# [Task description]
Although the records contain pictures, print none of them; print exactly the lines from the one with "Stylish Michael Kors" through the last line.

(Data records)
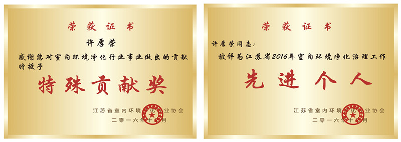 創(chuàng)綠家環(huán)??萍技夹g總監(jiān)、南京分公司負責人許厚榮先生也因此獲得了多項殊榮。
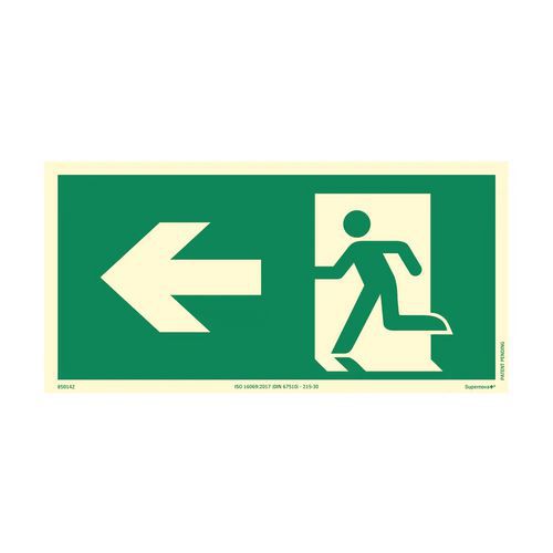 | Tavaranimike | Merkki hätäpoistumistie ylös vasemmalle, Tarra: ei, Taipumaton: kyllä, Kilpi, muoto: Quadrant |
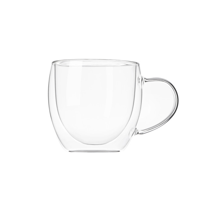 Набір чашок з подвійними стінками. До набору входять дві чашки об’ємом по 250 мл. Чашки виготовлено з термостійкого боросилікатного скла.
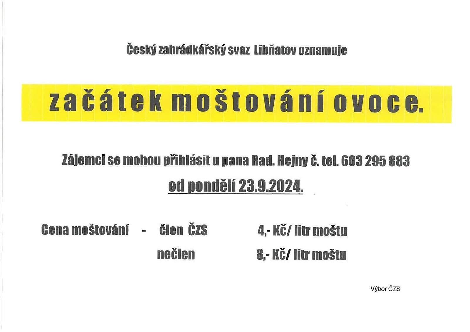 Moštárna v Libňatově čeká na vaši letošní úrodu.
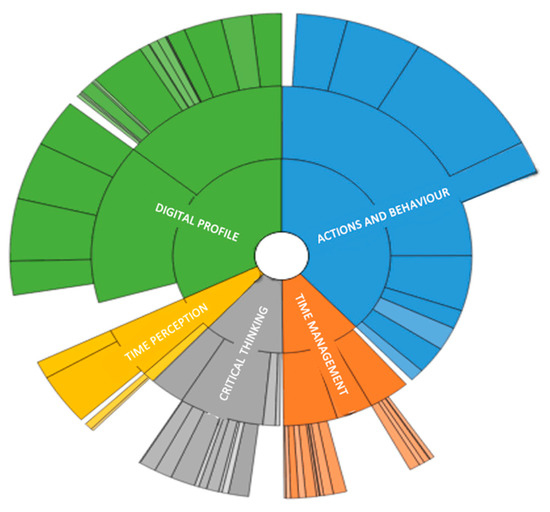 A total of 14 sessions were held, which were recorded in audio format, transcribed, and loaded into Nvivo software (V.12, licenced to the research group) for coding and analysis, according to a system of categories drawn up by three researchers using an inductive procedure [34] who took part in the coding process. These categories were structured according to five dimensions (see Table 1) related to the adolescents’ Digital Profile, Online Behaviour, Online Practices, Scenarios, Time Management, and Critical Thinking (focusing on self-perceived risks).
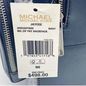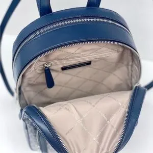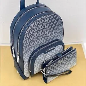 Stylish Michael Kors backpack with matching wristlet. Features navy and gray design. Perfect for daily use.
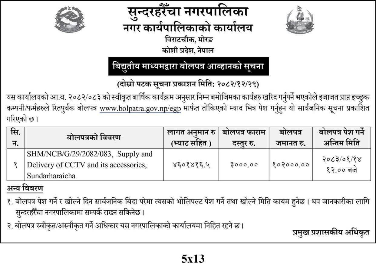 बिद्युतिय माध्यम द्वार बोलपत्र आवहानको सूचना

# [Result of this exercise]
 Stylish Michael Kors backpack with matching wristlet. Features navy and gray design. Perfect for daily use.
 बिद्युतिय माध्यम द्वार बोलपत्र आवहानको सूचना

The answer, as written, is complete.